DII flows into equity #World Research Awards

 



It is a pleasure to return to this Committee for our regular dialogueLet me start with a solemn reminder that this week marks four years since Russia launched its unjustified aggression against Ukraine. Our thoughts are with the Ukrainian people, who continue to endure immense suffering, and we stand in full solidarity with all those affected by this war.

The euro area has faced an exceptionally challenging environment over recent years, with high inflation affecting both households and firms.

We can now see, however, that our efforts to bring inflation down have been effective. Inflation has fallen markedly from its peak of 10.6% in October 2022. It fluctuated in a narrow range around 2% in the second half of last year and stood at 1.7% in January. The ECB’s decisive monetary policy response played a crucial role in bringing inflation back to target.

However, even though inflation has declined, surveys show that many citizens still perceive prices to be rising faster than the official data suggest.

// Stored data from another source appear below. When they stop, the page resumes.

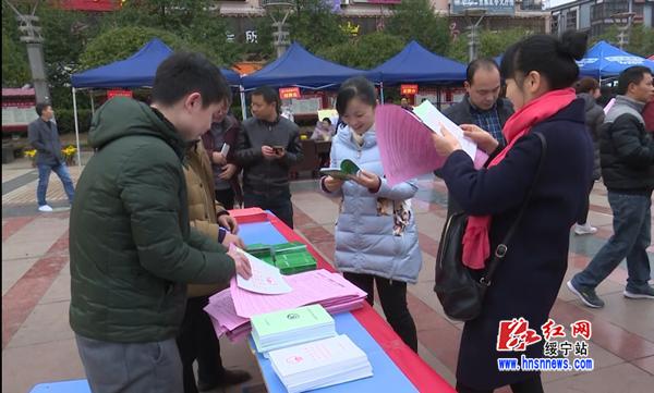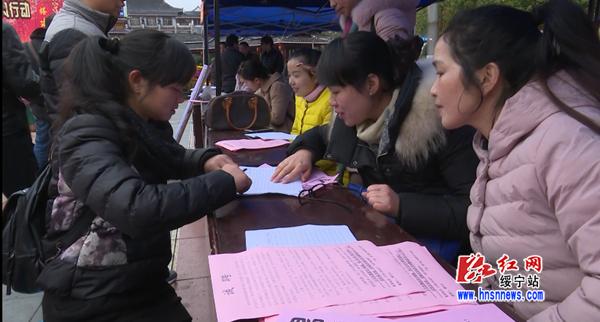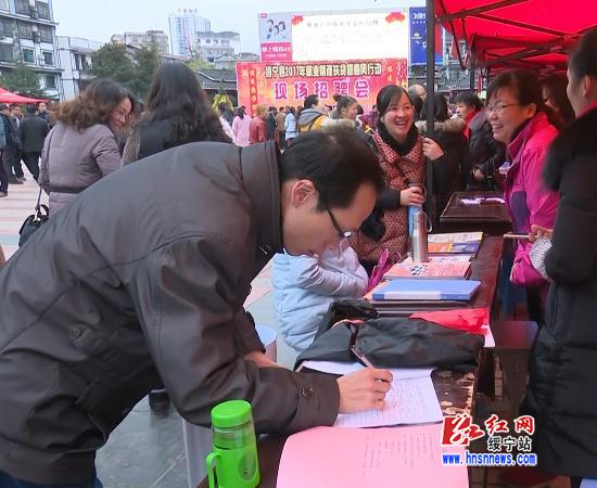 红网绥宁县分站2月8日讯(通讯员 龙宪智 唐滇滇)2月5日,由湖南省绥宁县人社局、县扶贫办、县总工会、县妇联联合举办的2017年“就业精准扶贫暨春风行动”招聘会在县绿洲广场举行。招聘现场人头攒动,一片火热,吸引了全县上万名贫困村农民朋友和就业困难人员前来应聘求职。河口苗族乡竹舟江村的龙先生高兴地说:“今天,我与绿森林大药房签订了仓管用工合同,每月工资2500元左右,既能保证自己有一份工作,又能照顾老人与小孩子,挺好的。”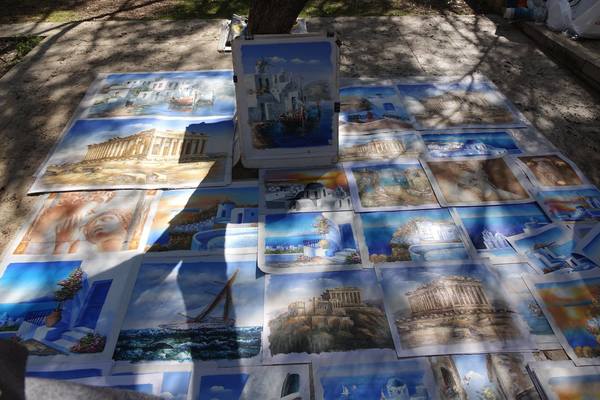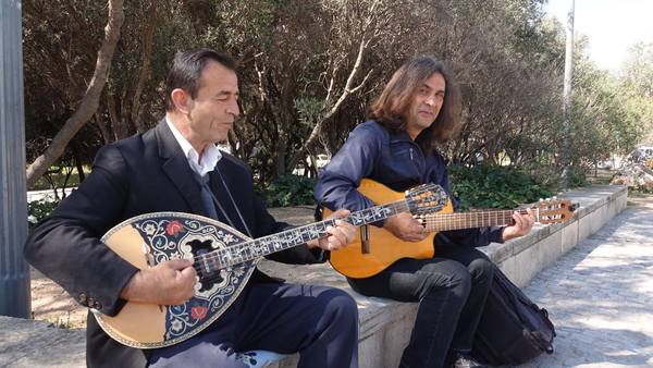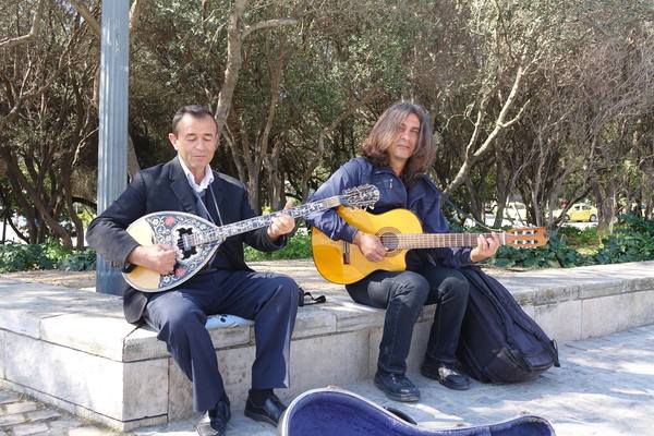 自衛城參觀過後往下走就遇見兩位街頭藝人,正在彈奏希臘的民俗音樂。一位拿著西班牙吉他,另一位抱著希臘的吉他,兩者形狀不太一樣,希臘吉他發出的聲音較清脆明亮。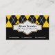 Black yellow white argyle trendy business cards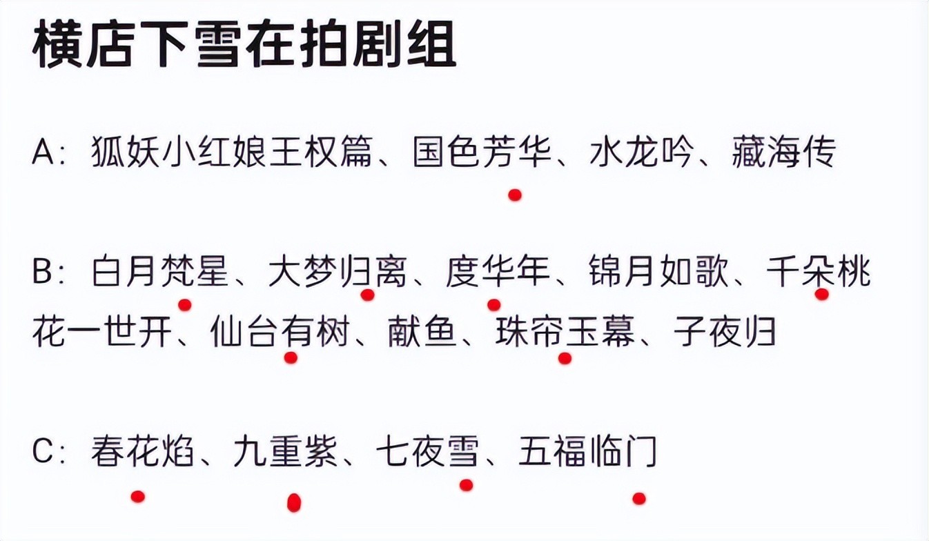 网络上流传一句话,横店下雪会出现爆剧,因为《甄嬛传》等剧拍摄的时候,横店就下雪了。根据统计,横店下雪的时候,共有17部剧在拍,目前都已经播出,其中有4部成为爆剧,而网友们都为成毅捏一把冷汗,各位读者,你们认为哪部剧最有潜力呢?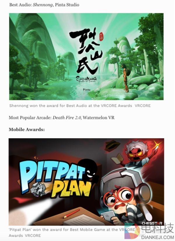 VRCORE也将在今后继续支持VR开发者,为中国与国际VR产业的全面发展构筑桥梁。在福布斯专访的最后,展示了本次大赛来自中国的获奖作品和部分内容海报。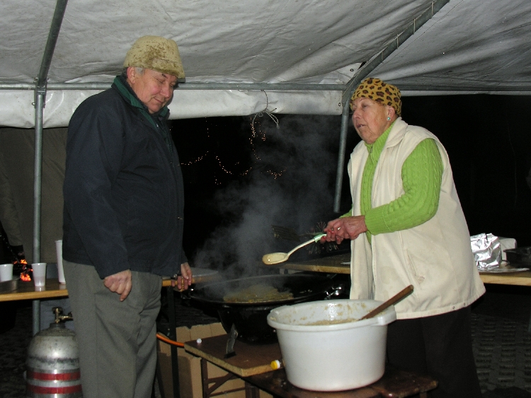 A szabadtéri tűzön ropogósra sült malacból jóval éjfél előtt már kóstolót is kaphattunk. Voltak, akik süteményekkel-, lapcsánkasütéssel- és jófajta forralt borral járultak hozzá közös ünneplésünk sikeréhez.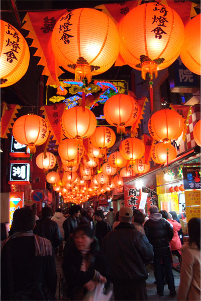 もともとこのランタン祭りは、「春節祭」として長崎新地中華街を中心に行なわれていたものなので特に中華街にはこのランタンの明かりが良く似合う。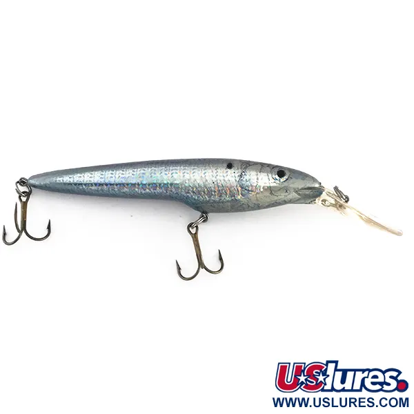 Con una longitud de 10 cm (4") y un peso de 14 g (1/2 oz), el perfil de este señuelo para aguas profundas muestra la artesanía clásica de Bagley de los EE. UU. El acabado es un distintivo Rainbow Silver, con un patrón de escamas holográficas que refleja tonos plateados, azules y púrpuras claros. Bajo el código de producto 8070, este señuelo BAGLEY Diving Bang-O es un modelo flotante diseñado para lanzamientos a profundidades de aproximadamente 3,6-4,5 m. El babero de plástico transparente de gran tamaño está asegurado con un anillo de sujeción metálico, construido para alcanzar coberturas profundas. Su montaje original consta de dos anzuelos triples en acabado oscuro. Con una calificación de estado de 5/5, el señuelo conserva su brillo original y su integridad estructural. El diseño se completa con ojos negros con borde plateado situados de forma prominente en la cabeza plateada.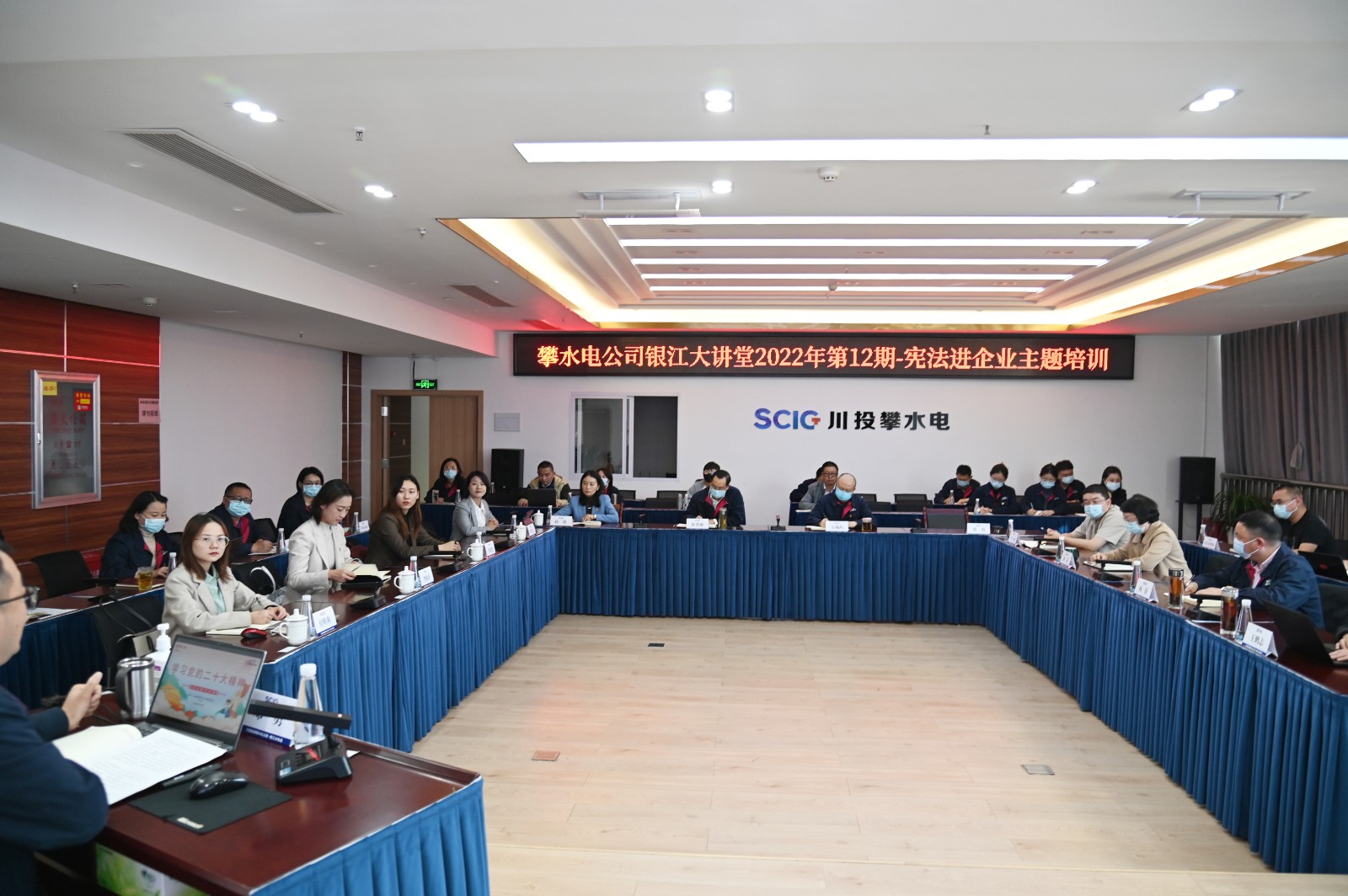 為深入學(xué)習(xí)宣傳黨的二十大精神和習(xí)近平法治思想,推動(dòng)公司全員學(xué)習(xí)宣傳貫徹黨的二十大精神,按照省國資委、川投集團(tuán)、川投能源《關(guān)于組織開展2022年憲法進(jìn)企業(yè)主題活動(dòng)的通知》和“憲法宣傳周”活動(dòng)要求,2022年12月10日,攀水電公司組織開展了憲法進(jìn)企業(yè)主題培訓(xùn),川投能源副總經(jīng)理、攀水電公司黨總支書記、董事長(zhǎng)、攀新能源公司董事長(zhǎng)徐孝剛,攀水電公司黨總支副書記、總經(jīng)理吳巍嶼,四川蜀攀律師事務(wù)所副主任趙艷出席會(huì)議,攀水電公司其他領(lǐng)導(dǎo)及員工共計(jì)30余人參加培訓(xùn)。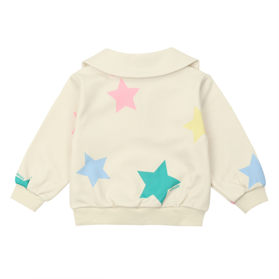 상세설명-컬러감이 톡톡튀는 별전판 집업세트로 유니크한 패턴이 한층 더 러블리함을 더해주며, 카라스타일로 입고 벗기 편한 세트아이템입니다.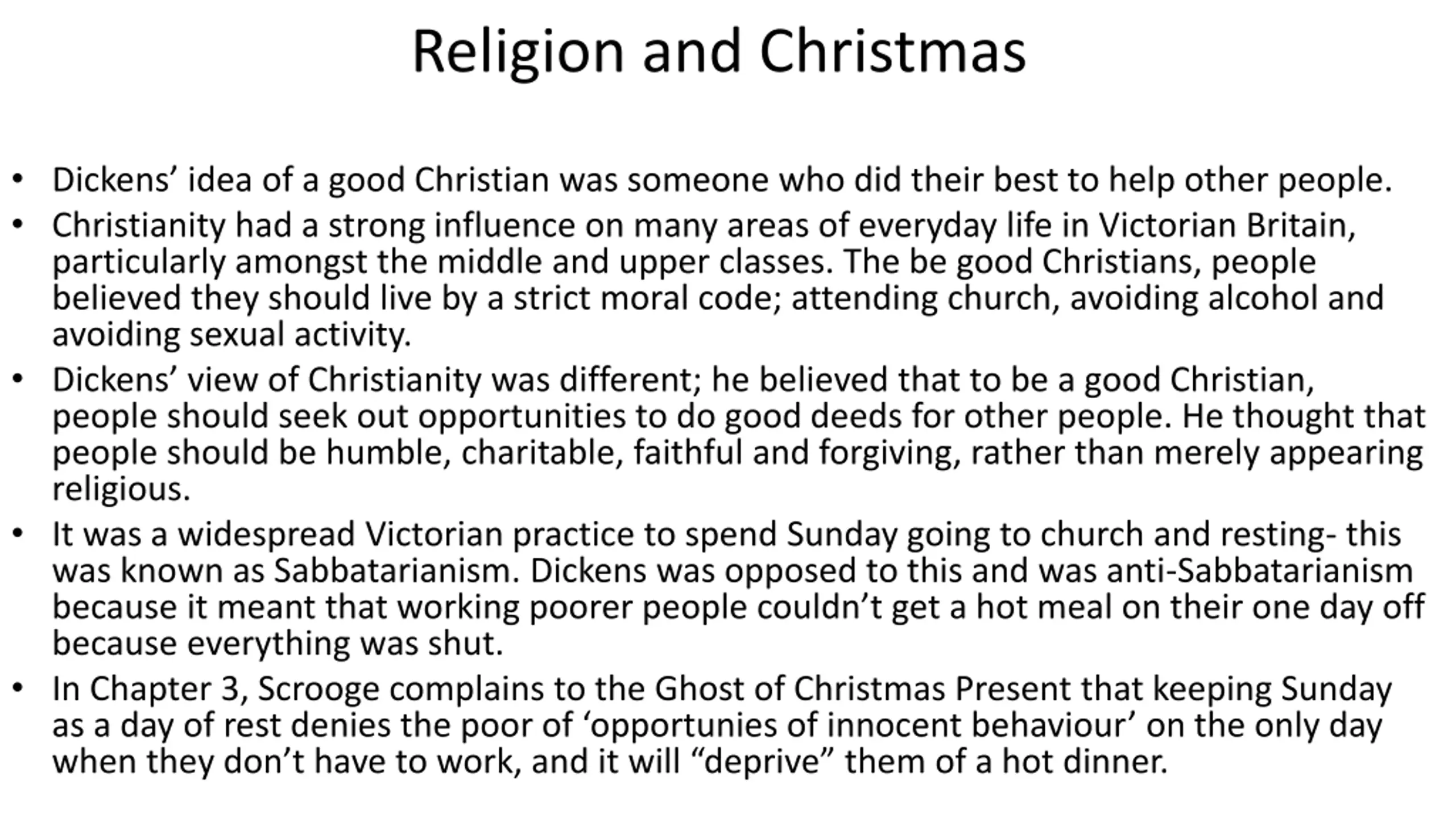 Religion and Christmas Dickens idea of a good Christian was someone who did their best to help other people. Christianity had a strong influence on many areas of everyday life in Victorian Britain, particularly amongst the middle and upper classes. The be good Christians, people believed they should live by a strict moral code; attending church, avoiding alcohol and avoiding sexual activity. Dickens view of Christianity was different; he believed that to be a good Christian, people should seek out opportunities to do good deeds for other people. He thought that people should be humble, charitable, faithful and forgiving, rather than merely appearing religious. It was a widespread Victorian practice to spend Sunday going to church and resting- this was known as Sabbatarianism. Dickens was opposed to this and was anti-Sabbatarianism because it meant that working poorer people couldn t get a hot meal on their one day off because everything was shut. In Chapter 3, Scrooge complains to the Ghost of Christmas Present that keeping Sunday as a day of rest denies the poor of opportunies of innocent behaviour on the only day when they don t have to work, and it will deprive them of a hot dinner.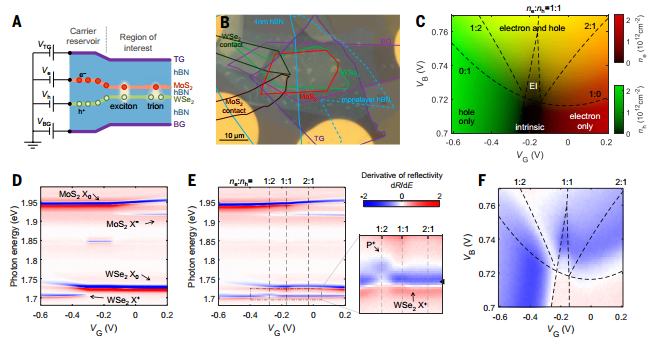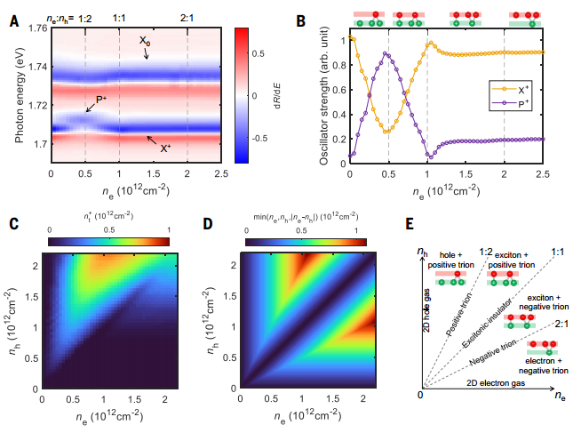 通过静电门控调节电子-空穴密度比,系统基态可电学调谐形成激子、Trion和未配对电荷的不同混合物,还能连续调谐为空穴-Trion、激子-Trion或电子-Trion混合物。

This gap between measured and perceived inflation is not merely a statistical curiosity – it is a historical and global regularity. And it has implications for economic decisions and for trust in institutions – trust that helps anchor inflation expectations.

Today’s discussion is therefore timely and relevant. Before turning to the topic of inflation perceptions, I will start by outlining our assessment of the euro area economy and our monetary policy stance.
The euro area outlook and the ECB’s monetary policy

The economy is estimated to have grown by 0.3% in the fourth quarter of last year and by 1.5% in 2025 as a whole – better than what was projected for 2025 at the start of that year.

Growth in the fourth quarter was primarily driven by domestic demand, with services activity – especially in the information and communication sector – playing a key role. Manufacturing has been weaker, but overall still resilient to the impact of higher tariffs and geopolitical uncertainty, while construction is gradually gaining momentum.

In the period ahead, activity is expected to be supported by rising labour income amid a resilient labour market, as well as investment in defence, infrastructure and digital technologies. At the same time, the trade environment remains challenging owing to higher tariffs, a stronger euro and a persistently volatile global policy environment.

Inflation declined to 1.7% in January, from 2.0% in December, owing to lower energy and services inflation. Core inflation – excluding energy and food – eased to 2.2%, after 2.3% in December.

With inflation lower than nominal wage growth, real wages – wages that are adjusted for inflation – have not only recovered but have on average risen above levels seen in early 2021. Wage growth remains elevated but has eased gradually and is expected to continue to moderate to around 3% in the medium term.

We continue to expect inflation to stabilise at our 2% target in the medium term. We therefore decided to keep the three key ECB interest rates unchanged at our monetary policy meeting earlier this month.

Looking ahead, we will continue to follow a data-dependent and meeting-by-meeting approach to determining the appropriate monetary policy stance. In particular, our interest rate decisions will be based on our assessment of the inflation outlook and the risks surrounding it, in light of the incoming economic and financial data, as well as the dynamics of underlying inflation and the strength of monetary policy transmission. We are not pre-committing to a particular interest rate path.
The divergence between actual and perceived inflation

Let me now turn to your chosen topic – the divergence between actual and perceived inflation – and why it matters for our mandate.

Inflation perceptions describe people’s beliefs about recent price changes. While these perceptions tend to move with measured inflation, they are typically higher.[1] This is a global phenomenon and is not unique to the euro area.[2]

Since the launch of the ECB’s Consumer Expectations Survey in April 2020, perceived inflation in the euro area has, on average, exceeded measured inflation by 1.2 percentage points. Inflation perceptions increased in 2021 and 2022, in line with measured inflation, and have since declined substantially.[5]

Inflation perceptions matter for three reasons.

First, perceptions directly influence economic behaviour. When people believe prices are rising faster, they may adjust their consumption and saving decisions, as well as their wage demands, in response. This, in turn, can affect aggregate economic activity and inflation dynamics.

Second, perceptions of current inflation shape expectations about future inflation.[6] We monitor these expectations closely for any signs of a sustained deviation from our 2% medium-term target.